■ Entries provided:
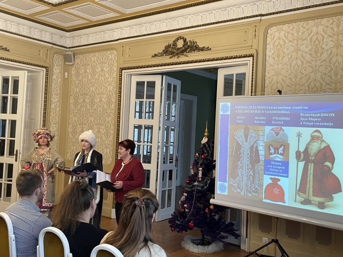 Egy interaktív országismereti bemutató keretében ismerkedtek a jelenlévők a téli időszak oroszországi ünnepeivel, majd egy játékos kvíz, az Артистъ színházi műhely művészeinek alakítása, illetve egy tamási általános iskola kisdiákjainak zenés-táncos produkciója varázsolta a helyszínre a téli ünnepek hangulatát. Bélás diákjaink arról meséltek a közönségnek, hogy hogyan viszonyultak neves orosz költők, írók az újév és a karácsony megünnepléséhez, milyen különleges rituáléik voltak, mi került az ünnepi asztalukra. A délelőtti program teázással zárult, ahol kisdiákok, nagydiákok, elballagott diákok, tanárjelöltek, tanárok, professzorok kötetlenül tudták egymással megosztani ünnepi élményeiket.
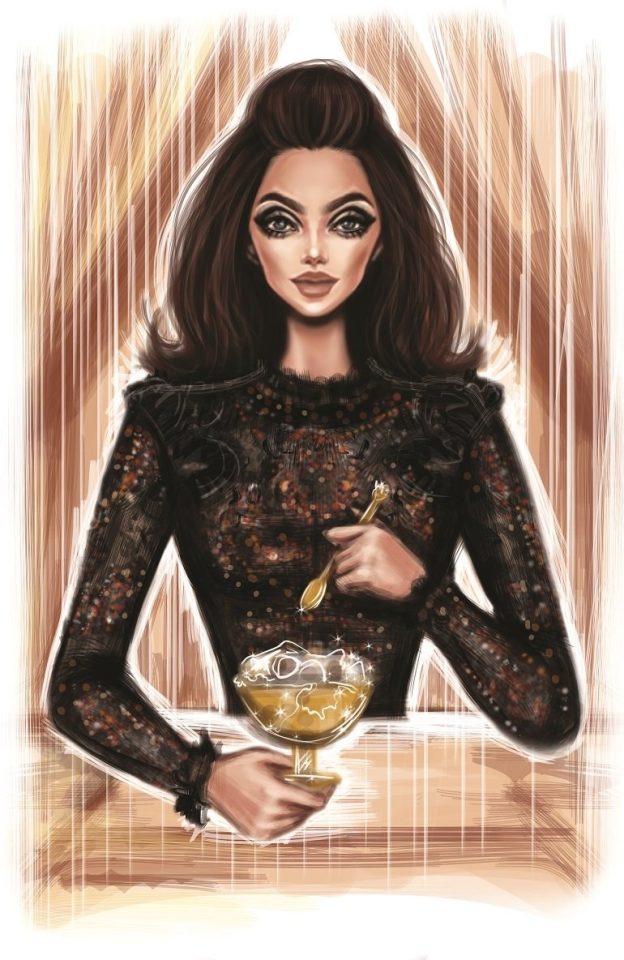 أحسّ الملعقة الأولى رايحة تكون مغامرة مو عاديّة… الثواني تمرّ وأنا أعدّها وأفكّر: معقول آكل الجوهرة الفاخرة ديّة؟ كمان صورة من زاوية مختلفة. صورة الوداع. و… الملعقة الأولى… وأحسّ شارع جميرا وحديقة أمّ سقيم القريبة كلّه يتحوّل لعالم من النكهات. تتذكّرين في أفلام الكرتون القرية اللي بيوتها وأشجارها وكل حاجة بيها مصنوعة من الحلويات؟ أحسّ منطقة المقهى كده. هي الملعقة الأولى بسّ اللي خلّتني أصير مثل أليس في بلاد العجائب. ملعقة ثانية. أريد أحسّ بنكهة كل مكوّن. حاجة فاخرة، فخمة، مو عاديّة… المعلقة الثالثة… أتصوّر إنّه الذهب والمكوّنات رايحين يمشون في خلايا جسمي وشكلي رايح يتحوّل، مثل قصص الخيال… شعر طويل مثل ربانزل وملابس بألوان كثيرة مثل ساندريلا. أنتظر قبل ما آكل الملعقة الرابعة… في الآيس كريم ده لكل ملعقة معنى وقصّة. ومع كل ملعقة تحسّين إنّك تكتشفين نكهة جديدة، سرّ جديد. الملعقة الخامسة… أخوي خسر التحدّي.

--

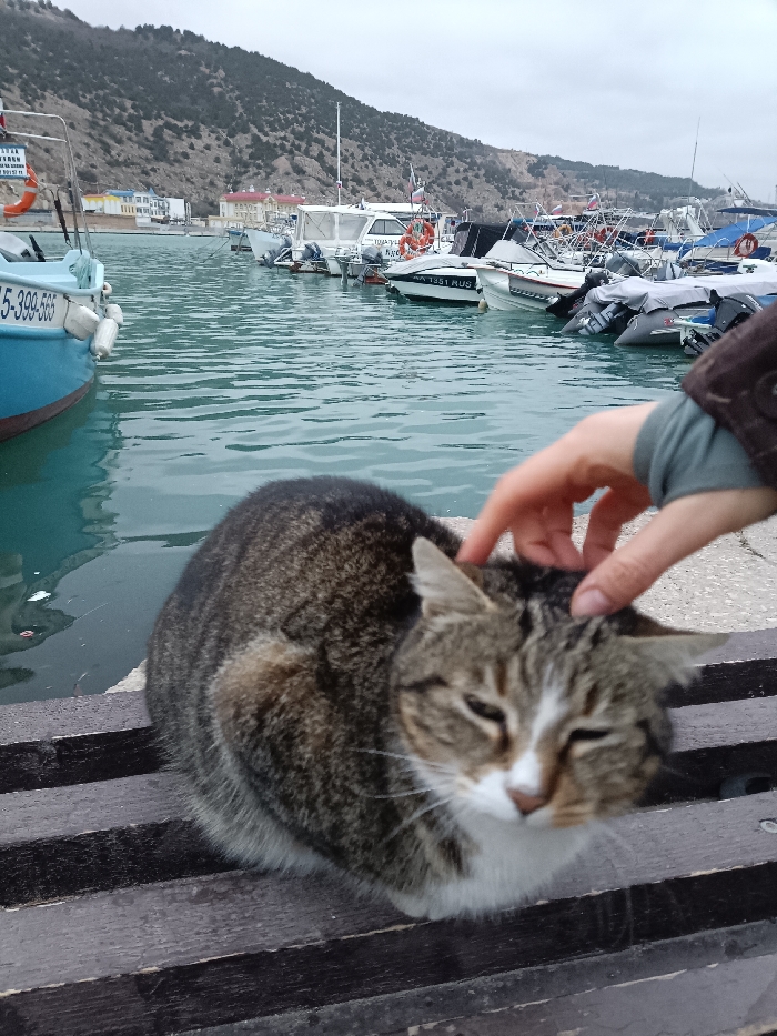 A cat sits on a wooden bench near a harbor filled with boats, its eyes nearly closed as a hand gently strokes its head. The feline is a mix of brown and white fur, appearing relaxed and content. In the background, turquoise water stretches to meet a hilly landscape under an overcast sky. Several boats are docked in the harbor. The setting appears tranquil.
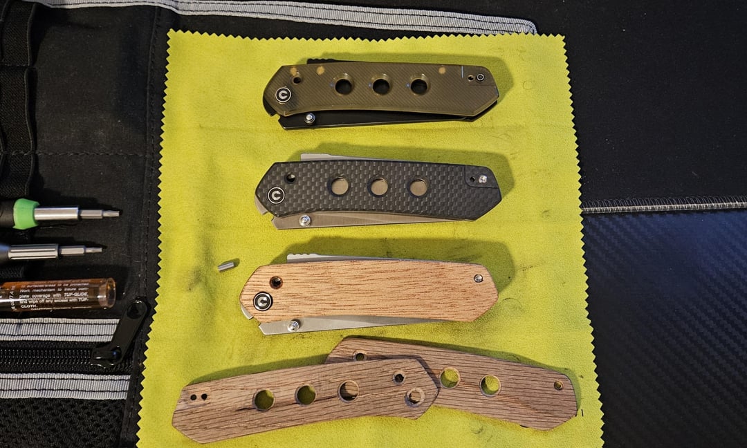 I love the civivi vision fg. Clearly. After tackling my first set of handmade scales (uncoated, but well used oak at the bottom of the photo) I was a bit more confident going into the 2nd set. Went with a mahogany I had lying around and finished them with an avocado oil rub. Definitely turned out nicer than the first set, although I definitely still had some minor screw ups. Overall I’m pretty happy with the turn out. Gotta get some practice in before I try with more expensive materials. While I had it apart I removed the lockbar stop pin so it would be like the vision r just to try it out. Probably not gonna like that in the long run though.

...

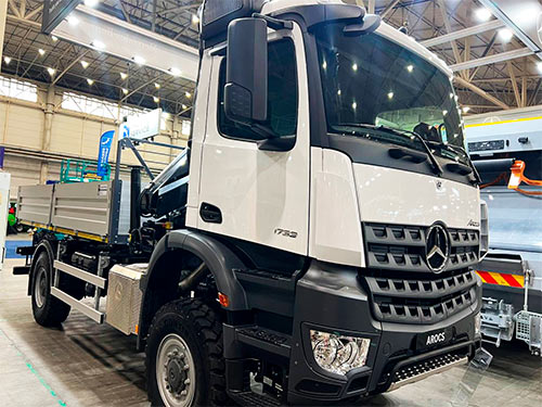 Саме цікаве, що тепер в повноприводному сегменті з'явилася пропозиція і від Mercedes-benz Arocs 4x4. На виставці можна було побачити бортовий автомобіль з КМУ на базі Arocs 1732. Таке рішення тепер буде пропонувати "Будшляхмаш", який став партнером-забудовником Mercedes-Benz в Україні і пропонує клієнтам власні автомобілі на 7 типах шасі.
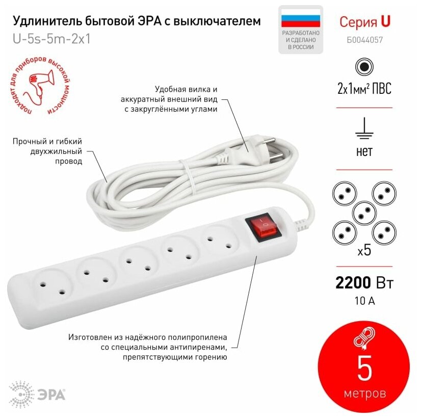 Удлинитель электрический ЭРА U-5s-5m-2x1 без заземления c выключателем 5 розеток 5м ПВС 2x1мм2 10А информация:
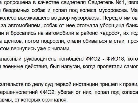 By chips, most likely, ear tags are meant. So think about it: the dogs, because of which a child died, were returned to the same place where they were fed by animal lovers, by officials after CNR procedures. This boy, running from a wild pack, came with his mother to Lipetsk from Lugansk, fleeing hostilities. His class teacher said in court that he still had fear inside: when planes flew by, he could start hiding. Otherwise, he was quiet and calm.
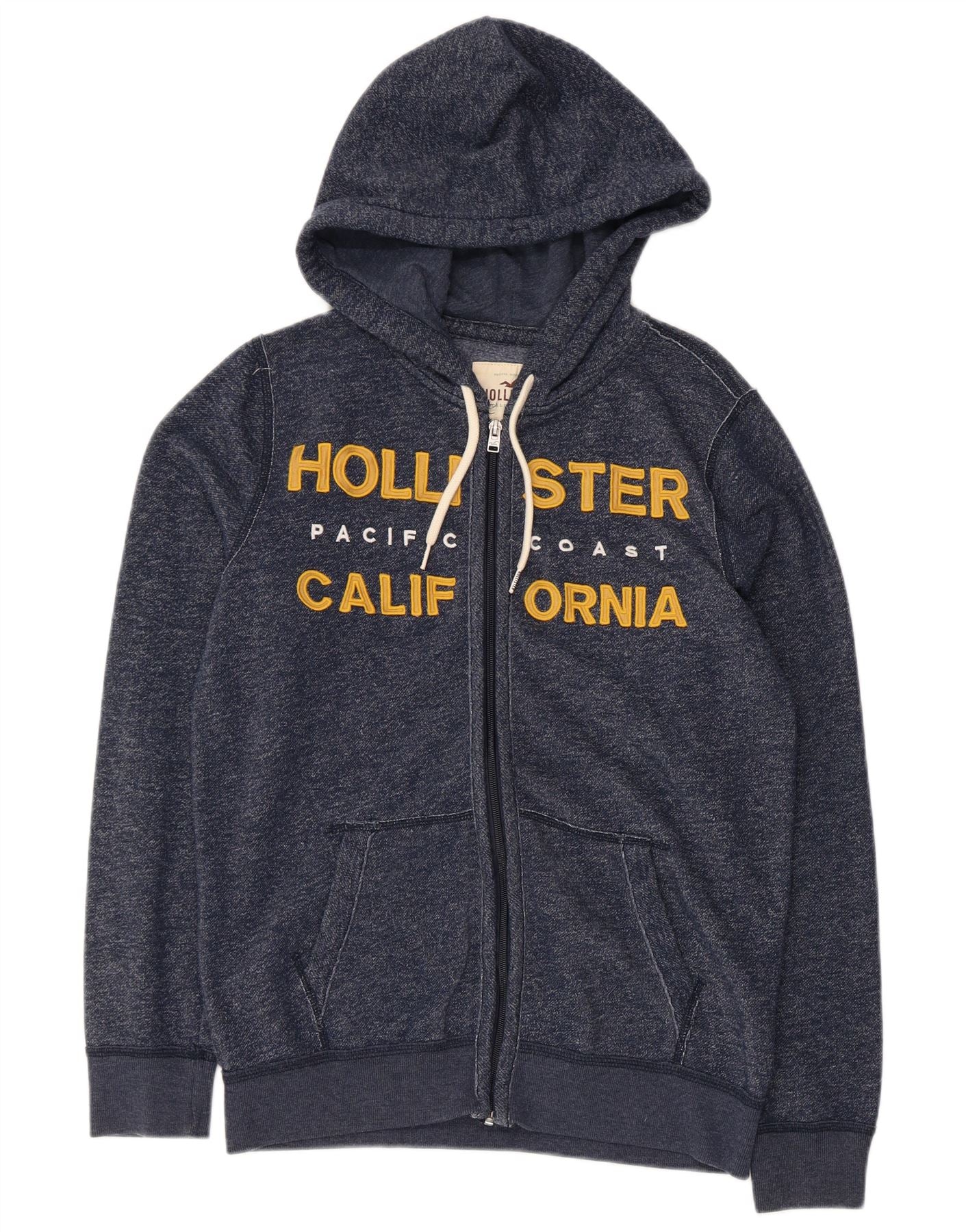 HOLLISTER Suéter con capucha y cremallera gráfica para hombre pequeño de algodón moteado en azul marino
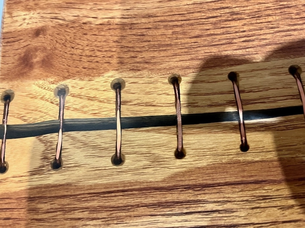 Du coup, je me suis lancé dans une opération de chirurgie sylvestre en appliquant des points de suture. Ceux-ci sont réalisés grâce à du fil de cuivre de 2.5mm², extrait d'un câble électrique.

■ Problem to solve:
Look above for the line with "Саме цікаве, що" and the line with "HOLLISTER Suéter con". Output those two and everything between them exactly, pictures excluded.

■ Solution:
 Саме цікаве, що тепер в повноприводному сегменті з'явилася пропозиція і від Mercedes-benz Arocs 4x4. На виставці можна було побачити бортовий автомобіль з КМУ на базі Arocs 1732. Таке рішення тепер буде пропонувати "Будшляхмаш", який став партнером-забудовником Mercedes-Benz в Україні і пропонує клієнтам власні автомобілі на 7 типах шасі.
 Удлинитель электрический ЭРА U-5s-5m-2x1 без заземления c выключателем 5 розеток 5м ПВС 2x1мм2 10А информация:
 By chips, most likely, ear tags are meant. So think about it: the dogs, because of which a child died, were returned to the same place where they were fed by animal lovers, by officials after CNR procedures. This boy, running from a wild pack, came with his mother to Lipetsk from Lugansk, fleeing hostilities. His class teacher said in court that he still had fear inside: when planes flew by, he could start hiding. Otherwise, he was quiet and calm.
 HOLLISTER Suéter con capucha y cremallera gráfica para hombre pequeño de algodón moteado en azul marino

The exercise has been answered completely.